Transcribe each entry in full, and leave the images out.

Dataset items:
..........

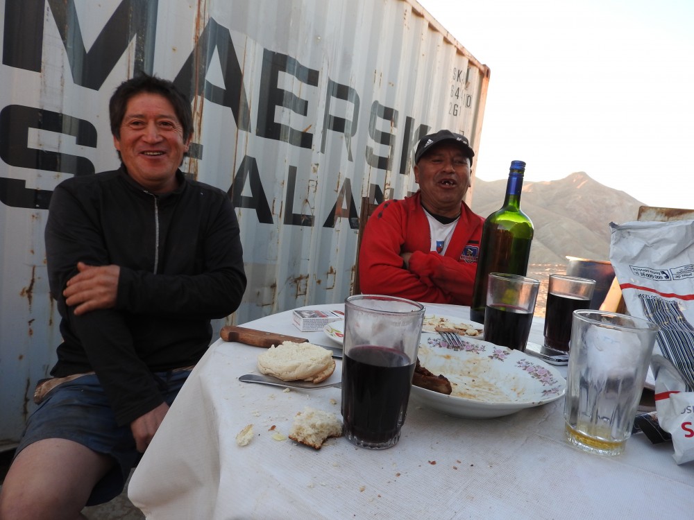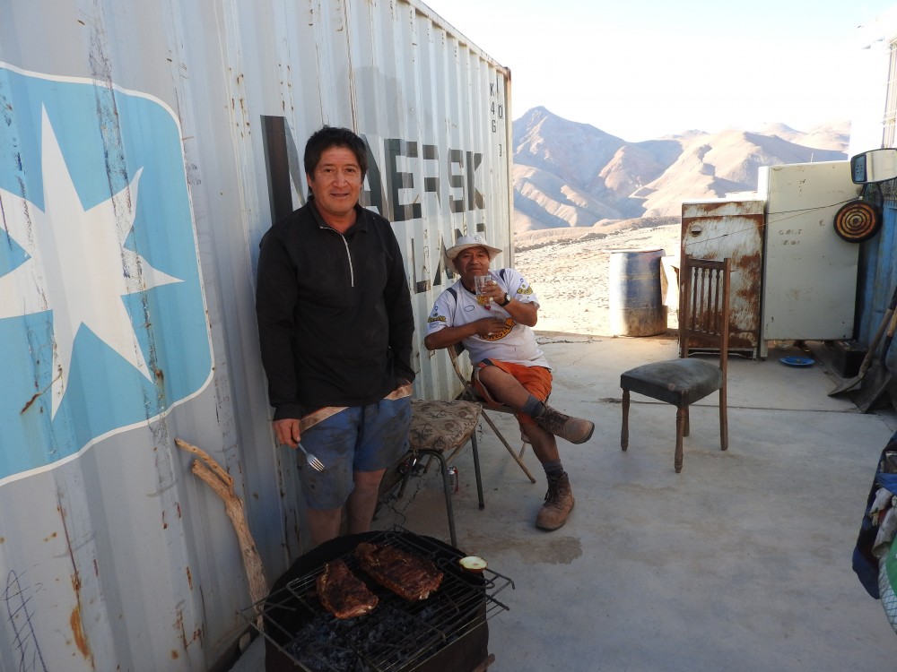 en compagnie de Juan, conducteur d'engins, perforateur, maniement explosifs et barbecue, et Oscar, son bras droit,
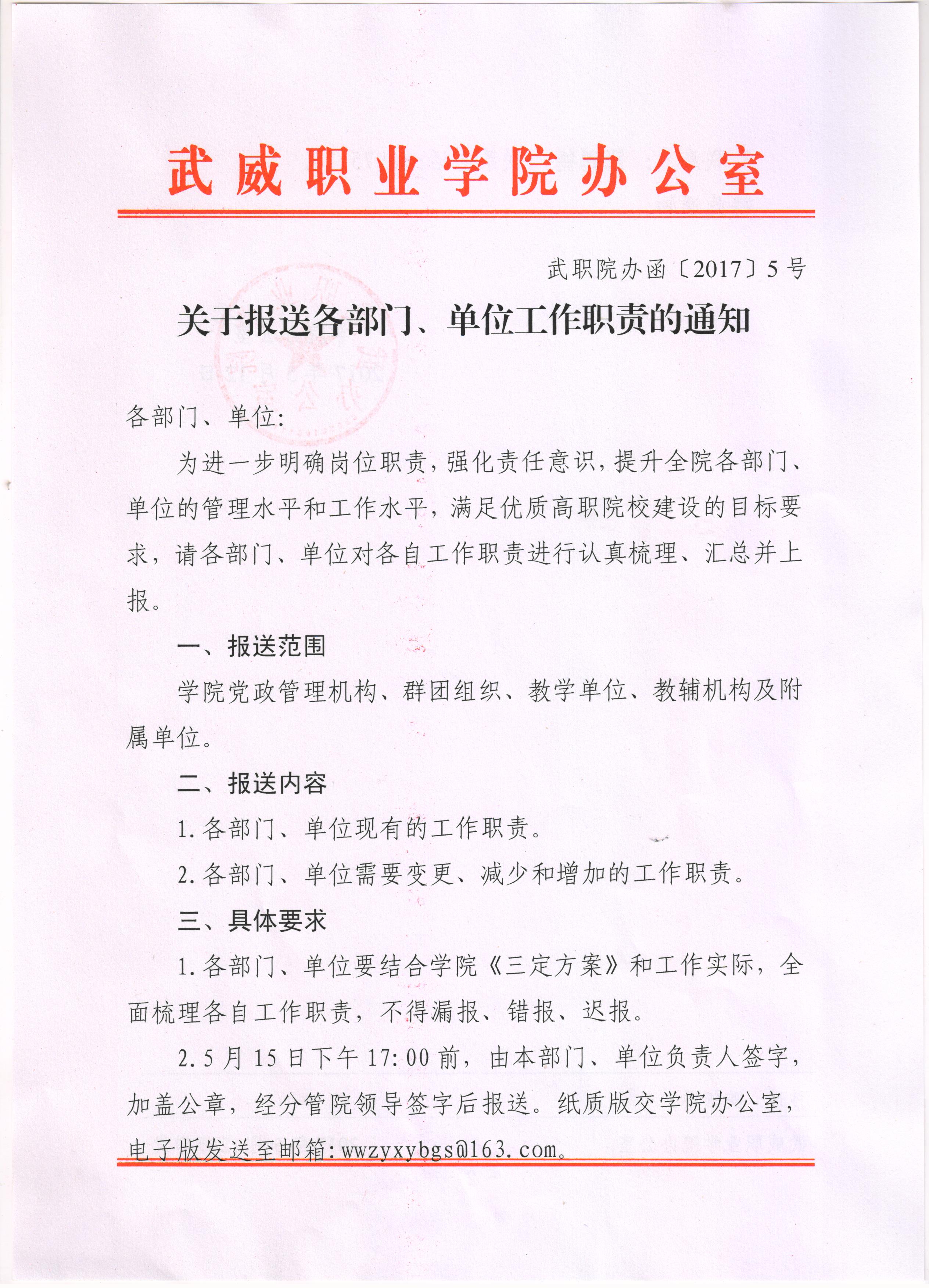 關(guān)于報(bào)送各部門、單位工作職責(zé)的通知
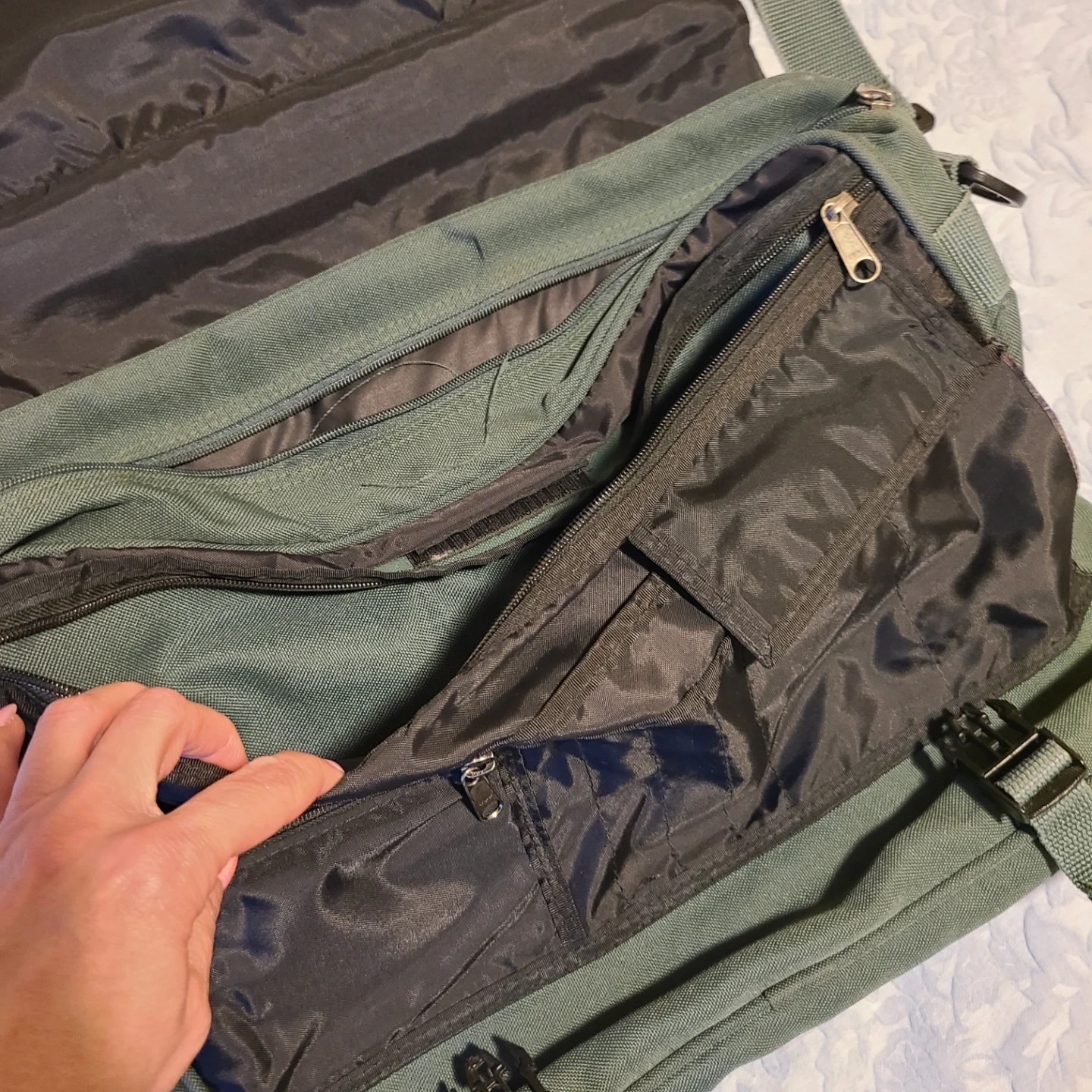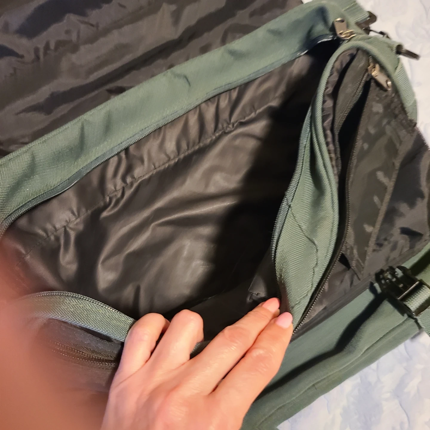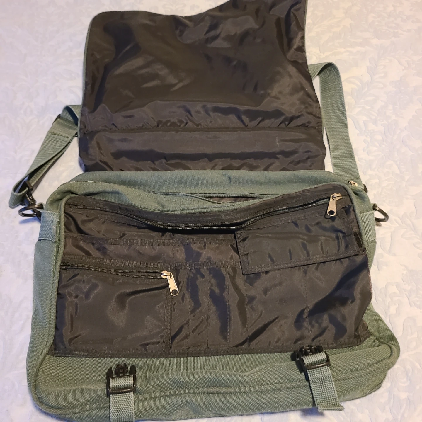 This green messenger bag is made of durable canvas. It has a main compartment with zippered pockets and an adjustable shoulder strap. Great for carrying books or a laptop.
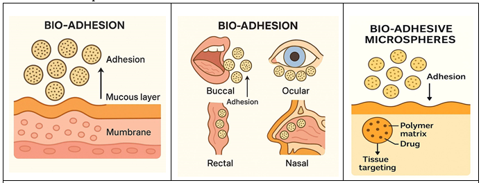 Bio adhesive microspheres are made to stick to mucosal surfaces like the buccal, ocular, nasal, rectal, and vaginal membranes with the help of water-soluble polymers. The sticking of bio adhesive microspheres at the place of absorption increases the time of stay at the site of absorption, hence enhancing drug bioavailability and therapeutic action by intimate and continuous contact with the absorption surface.
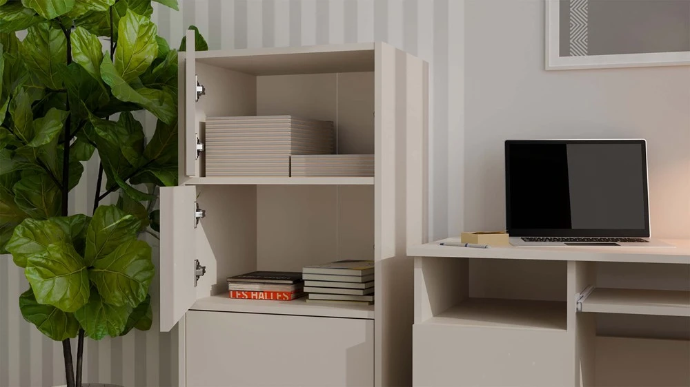 Dzięki pojemnym półkom ukrytym za gładkimi drzwiami, komoda zapewnia mnóstwo miejsca do przechowywania i ułatwia utrzymanie porządku w każdej przestrzeni.

..........

ANSWER BOX:
 en compagnie de Juan, conducteur d'engins, perforateur, maniement explosifs et barbecue, et Oscar, son bras droit,
 關(guān)于報(bào)送各部門、單位工作職責(zé)的通知
 This green messenger bag is made of durable canvas. It has a main compartment with zippered pockets and an adjustable shoulder strap. Great for carrying books or a laptop.
 Bio adhesive microspheres are made to stick to mucosal surfaces like the buccal, ocular, nasal, rectal, and vaginal membranes with the help of water-soluble polymers. The sticking of bio adhesive microspheres at the place of absorption increases the time of stay at the site of absorption, hence enhancing drug bioavailability and therapeutic action by intimate and continuous contact with the absorption surface.
 Dzięki pojemnym półkom ukrytym za gładkimi drzwiami, komoda zapewnia mnóstwo miejsca do przechowywania i ułatwia utrzymanie porządku w każdej przestrzeni.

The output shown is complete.